AVAILABLE DATA:
_ _ _ _
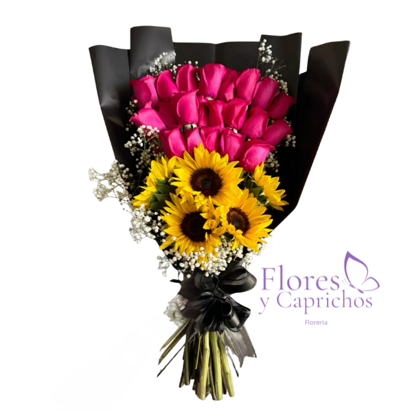 Exclusivo Ramo con 20 rosas fucsias Extendidas mas 5 lindos girasoles y gipsófila, todo en fina envoltura de papel coreano y lazo con cinta de tela.
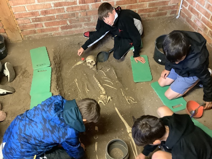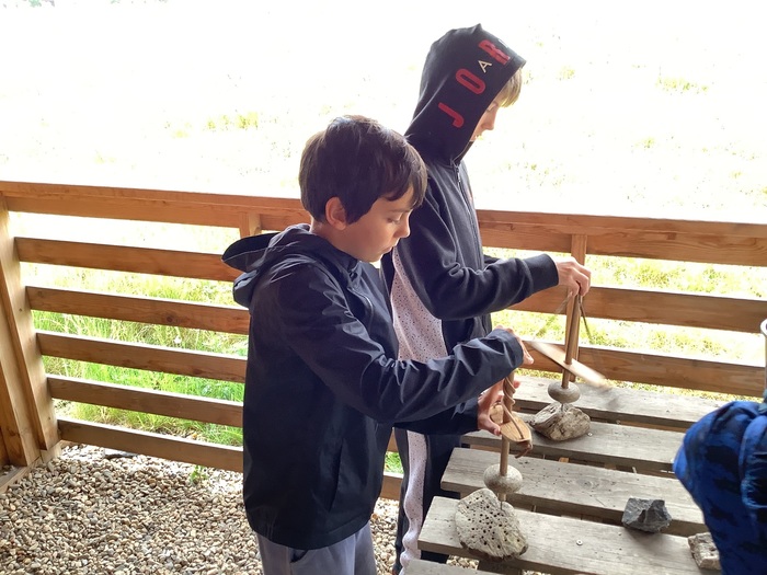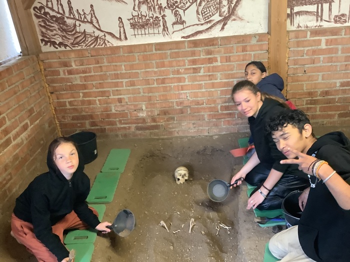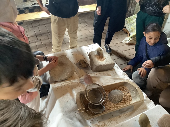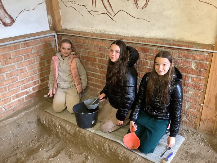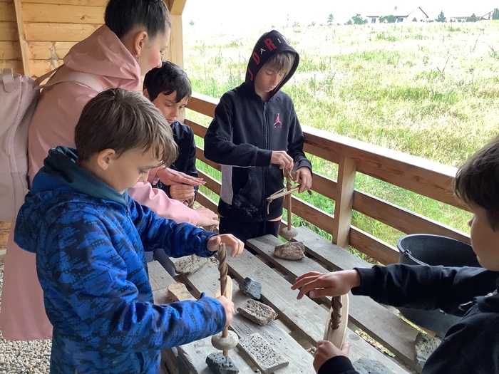 I přes nepřízeň počasí se žáci s nadšením zúčastnili praktických dílen, které byly součástí exkurze. V těchto dílnách si mohli vyzkoušet tkaní látek, dva způsoby mletí obilí: drcením mezi kameny i na žernovu, výrobu mouky, broušení kamenů, ale i práci archeologa. Dokonce se šesťáci naučili podle předmětů, které odkryli v jednotlivých hrobech, rozeznat okolnosti života pravěkých lidí.
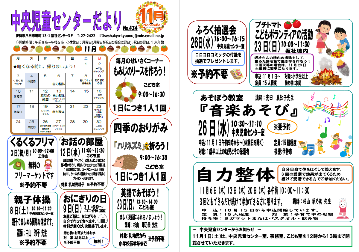 11月も中央児童センターにたくさん遊びに来て下さいね
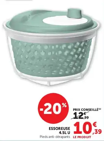 En plus de l'offre ESSOREUSE U, U Express propose une large gamme de produits. Consultez le Catalogue U Express hebdomadaire pour découvrir les meilleures offres et promotions. En plus de ESSOREUSE U, il y a aussi : ESSOREUSE 4.5L U, ESSOREUSE 4.5L U & U essoreuse 4.5l.
_ _ _ _
Write every line above out again exactly; pictures do not belong in the copy.

 Exclusivo Ramo con 20 rosas fucsias Extendidas mas 5 lindos girasoles y gipsófila, todo en fina envoltura de papel coreano y lazo con cinta de tela.
 I přes nepřízeň počasí se žáci s nadšením zúčastnili praktických dílen, které byly součástí exkurze. V těchto dílnách si mohli vyzkoušet tkaní látek, dva způsoby mletí obilí: drcením mezi kameny i na žernovu, výrobu mouky, broušení kamenů, ale i práci archeologa. Dokonce se šesťáci naučili podle předmětů, které odkryli v jednotlivých hrobech, rozeznat okolnosti života pravěkých lidí.
 11月も中央児童センターにたくさん遊びに来て下さいね
 En plus de l'offre ESSOREUSE U, U Express propose une large gamme de produits. Consultez le Catalogue U Express hebdomadaire pour découvrir les meilleures offres et promotions. En plus de ESSOREUSE U, il y a aussi : ESSOREUSE 4.5L U, ESSOREUSE 4.5L U & U essoreuse 4.5l.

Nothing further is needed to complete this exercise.